Okcupid let me link my Instagram. It is nothing but pictures of cat figurines that I have seen in thrift stores so it may not tell you all that much about me. Or maybe it does.

I really like it when you ladies have your pictures just right so the "online" indicator covers your mouth so it looks like you have green lips. I giggle.

My Myers-Briggs classification is INTJ. I learned that from an actual psychologist with amazing amounts of nose and ear hair.
What I’m doing with my life
Why does this question make me feel like I'm trapped in an 80's music video?
I’m really good at
lots of things. I'm very inventive.
The first things people usually notice about me
Well, recently a good friend remarked with a great deal of surprise that I was wearing pants. That's it. I'm going with "my pants."
Favorite books, movies, shows, music, and food
As far as books, I like a lot of different ones. Tom Robbins is one of my favorite authors. I also enjoy non-fiction history and technical books.

Movies and shows: Firefly, Star Trek, Supernatural, American Horror Story, Breaking Bad, Walking Dead, Avengers, etc.

Music: I do like that one song by that band. Actually I was a HUGE Beatles fan as a teenager and I still enjoy them, just with fewer posters on my bedroom wall.

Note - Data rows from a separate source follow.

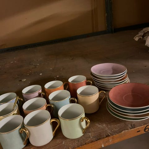 Porcelæn, 4 moccakopper med underkopper, Arabia, “She Fo”. 1920-40. Greta-Lisa Jäderholm-Snellman.
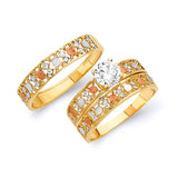 White CZ Three-Piece Wedding Ring in 14K Tri-Color Gold
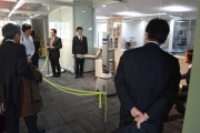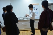 共進化社会システムイノベーション施設内にあるB-Senの内部を参加者に初公開いたしました。B-Sen内には多種多様なセンサーが設置されており、人が実際に生活することで、人の1日の行動情報を収集することが出来ます。収集された情報を基に人の動きを予測する空間シミュレーターによって、“都市OS”の特徴である“サイバー空間(あの世)”から“実世界(この世)”に最適なデータをフィードバックするための基盤開発に向けた実証実験を行うことができます。その他にも、高齢者などの介護に使われる生活支援ロボットや脈拍を測定する車椅子が設置されており、見学に訪れた参加者にB-Sen内にある様々な設備の説明を行いました。
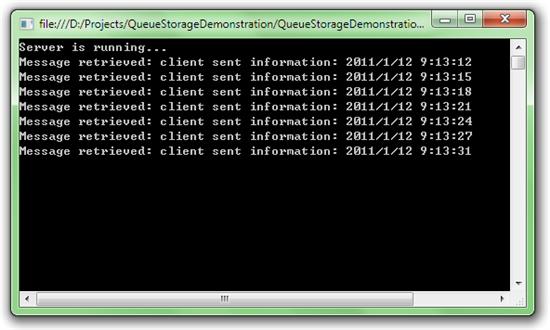 Client项目中的代码相对简单。大约每隔 3秒向 Queue Storage中插入一条数据。 Server端的项目中我们则大约每隔 3秒从 Queue Storage中读取一条数据。处理完毕后将之删除。对于为什么必须在读取后显示删除的问题请参考注释部分。
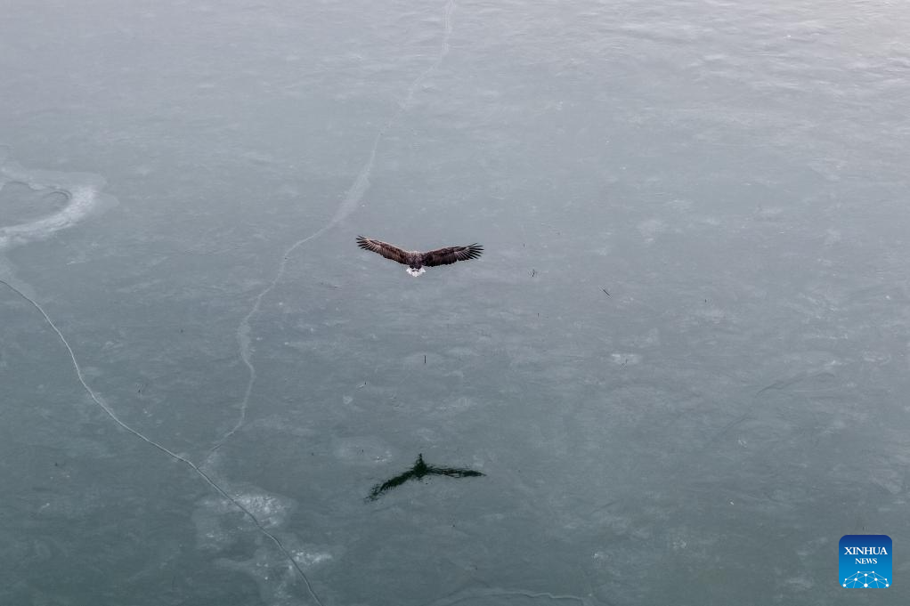 An aerial drone photo taken on Nov. 22, 2025 shows a white-tailed sea eagle at a reservoir in Shiyanghe River National Wetland Park in Minqin County of Wuwei City, northwest China's Gansu Province. (Xinhua/Lang Bingbing)
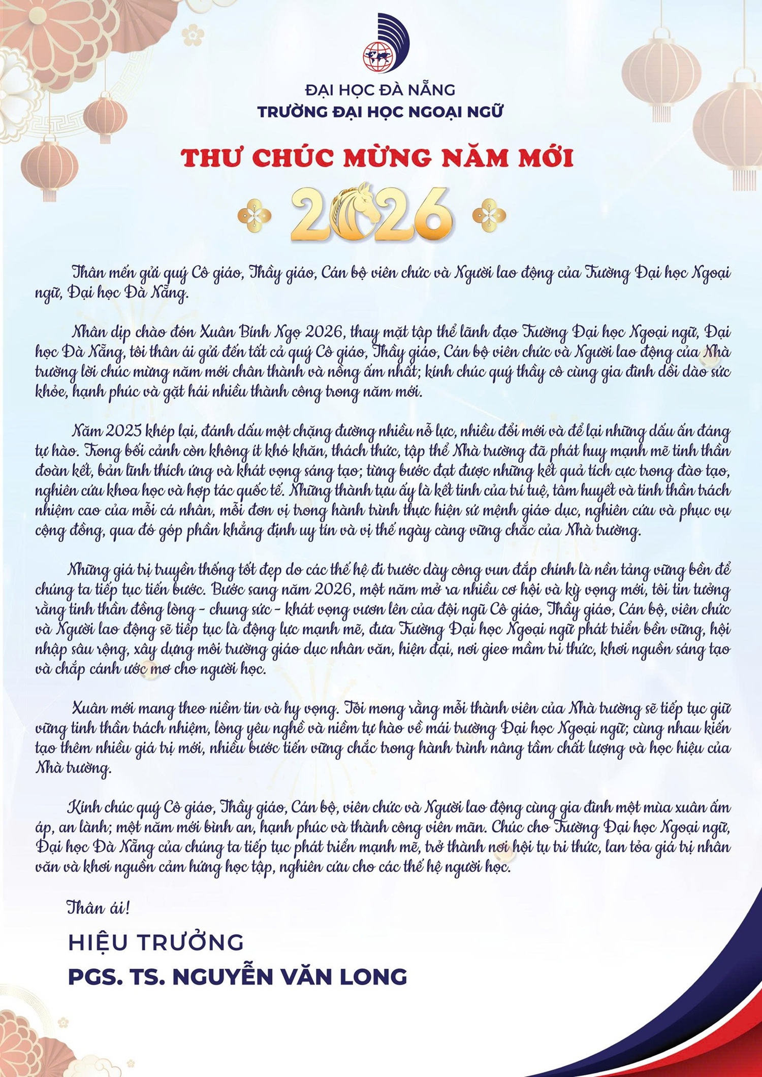 Thư chúc mừng năm mới 2026 của Thầy Hiệu trưởng Trường Đại học Ngoại ngữ, ĐHĐN gửi quý Cô giáo, Thầy giáo, Cán bộ, viên chức và Người lao động.
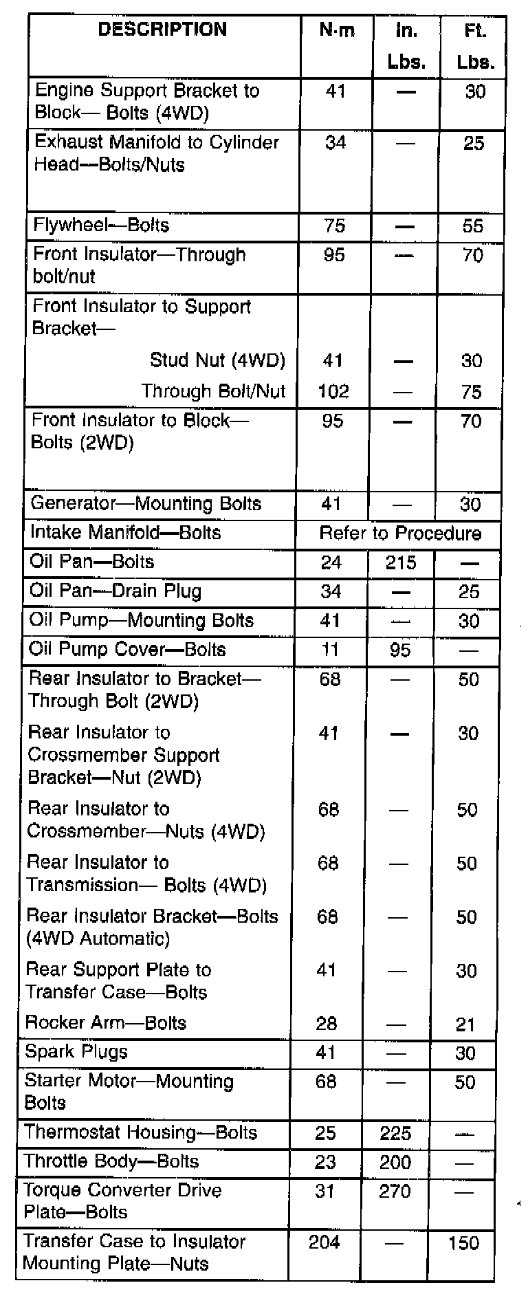 Torque Specifications
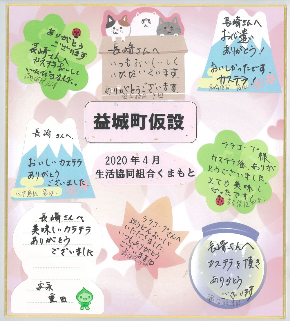この度、益城町仮設住宅よりお礼の寄せ書きが届きました。
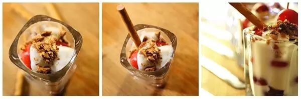 4、上面的步骤再重复两遍,也就是三层樱桃,三层希腊酸奶。
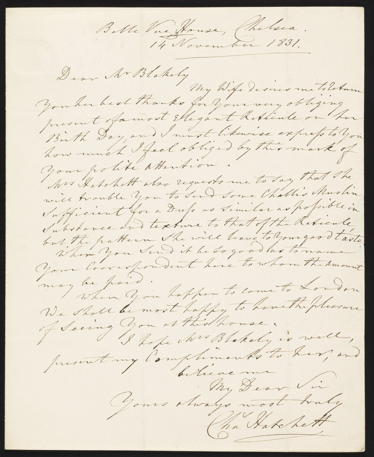 Hatchett, Charles. “Letter from Charles Hatchett to Edward Blakely,” November 14, 1831. Szymanowitz Autographed Letter Collection, Box 1. Science History Institute. Philadelphia. https://digital.sciencehistory.org/works/gf06g2664.
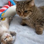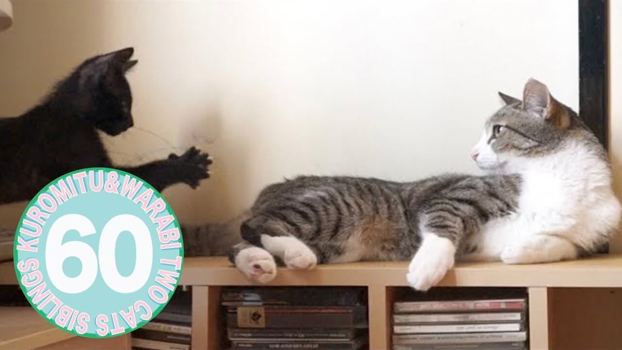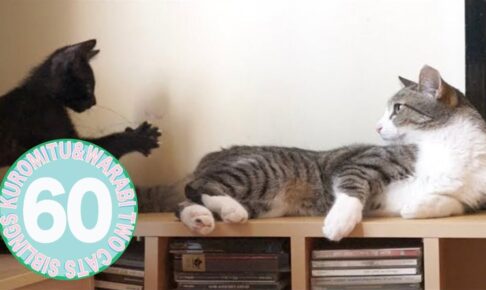 先輩猫のおはぎが棚の上で余裕の表情で寝転がっていると、キャットタワーの部屋のなかから子猫のくろみつが顔を出してきて、おはぎのことを狙ってきます。
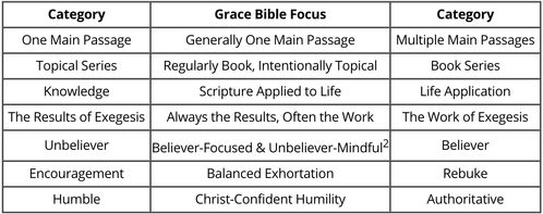 The goal of this article is to help us clarify what kind of preaching we expect to hear in the pulpit each week at Grace Bible Church. At Grace Bible, we aim to be both gracious and biblical. This leads us to drawing hard lines on matters of sermon substance while recognizing a both/and continuum on matters of sermon style.
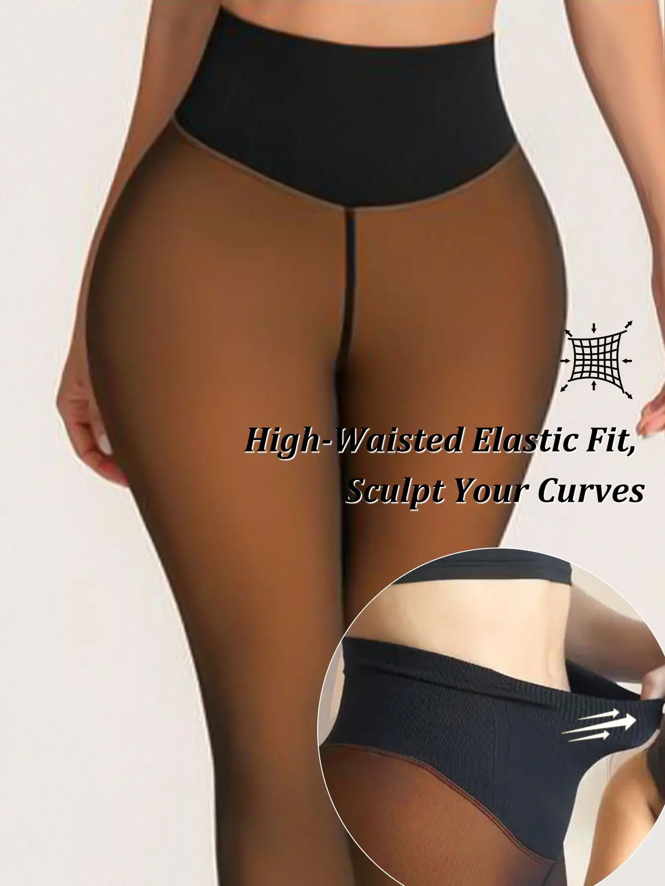 High Waisted Fleece Lined Transparent Skinny Pants Sugar Brown Honey Color Tights Butt Lifting Therm...
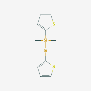This compound consists of two thienyl groups attached to a tetramethyldisilane backbone. Its molecular formula is , and it features a disilane core that contributes to its chemical reactivity and stability. The compound exhibits interesting photophysical properties, making it suitable for various applications in materials science and biochemistry.
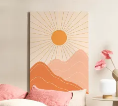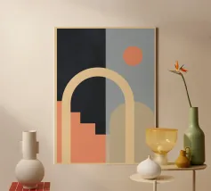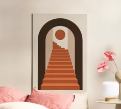 A minimalist composition combining bold stair-like shapes with a radiant sun, opening a window to an abstract orange sea. This artwork balances calm and energy, making it a striking accent piece for any modern living space.
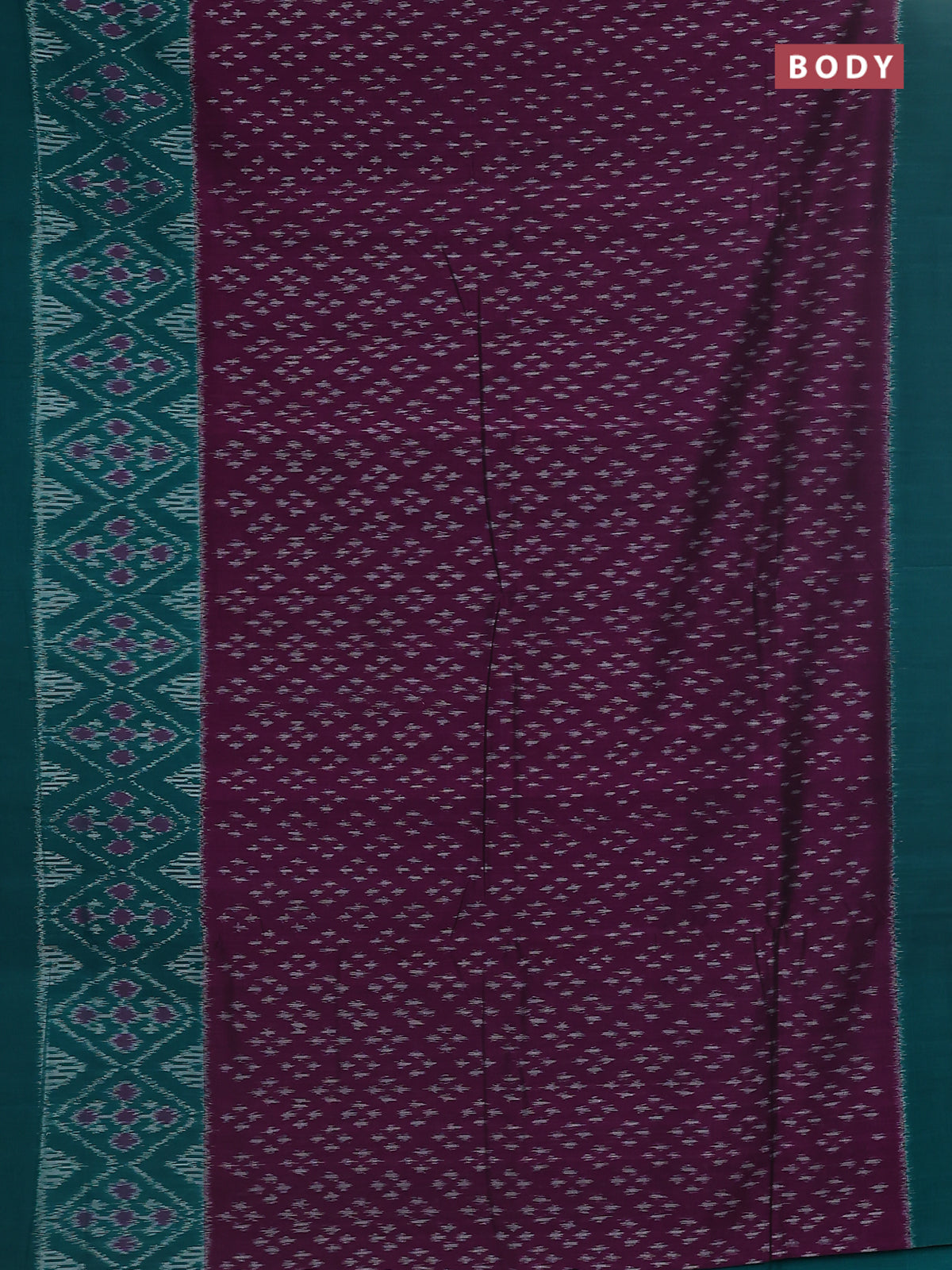 Ikat cotton saree purple and teal green with allover ikat butta weaves and simple border

I also tend to turn my radio up really loud when the Rolling Stones come on. Oh, and I heard a reggae song the other day that fucking rocks. The song "Slow Ride" by Foghat reminds me of a girl in high school for very innocent reasons but when I told her that she thought it was a sexual reference. "Benny Lava" gets stuck in my head every so often, and Jonathan Coulton is a personal fave. I invited him to play baseball with me once. His agent declined for him but said I won for strangest JoCo request yet.

Food: I enjoy cooking both by the recipe and off the cuff. I've come up with some damn tasty things. I will try ANY ethnic food that isn't too slimy or made of spiders. Yes, that would include Qarta. I'm not a big alcohol drinker but I do have a collection of single malt Scotch whisky that I break out every so often, and I enjoy obscure sodas as well. Still trying to find a bottle of Squamscot but it's rare in the south. Funny how Squamscot sounds grosser than Qarta.
Six things I could never do without
air, water, food, shelter, a good knife, and that's about it.

Access to knowledge should probably be on the list too, though. I might live in a library by now if not for the Internet.
I spend a lot of time thinking about
I'll have to think about it and come back to this one.
On a typical Friday night I am
trying to invent a way to do it better. "It" being whatever is going on at that moment.
The most private thing I’m willing to admit
I'm so hot M&Ms melt in my hand.
You should message me if
I try not to should on people. Feel free to message me if you would like to.

The above is a thinly veiled reference to the fact that I have, in fact, been in therapy. I could probably have muddled through life without therapy, but I got very curious about how brain work.


You have never been able to make yourself say "Roll Tide" without feeling like you are going to gag.

You are crafty and occasionally need someone else to solder/electrify/mechanize/weld something you are building.


You think the phrase "I ain't never been nuthin but a winner" is an appropriate wall decoration for the campus bookstore of your alma mater.

You are nice Russian girl who only need $4200 to come be my loving bride.

You are some dude pretending to be nice Russian girl who only need $4200 to come be my loving bride.

You have spawned a kid who may very well be a murderous sociopath who will try to drown me (sorry, I won't make that mistake twice). Although I actually like kids who aren't trying to kill me and instead enjoy playing pretend or legos or something like that.

You buy Japanese kitchen knives and then change them from a 16 degree to a 22 degree sharpening angle. Seriously. Just buy some damn German knives if you are going to do that.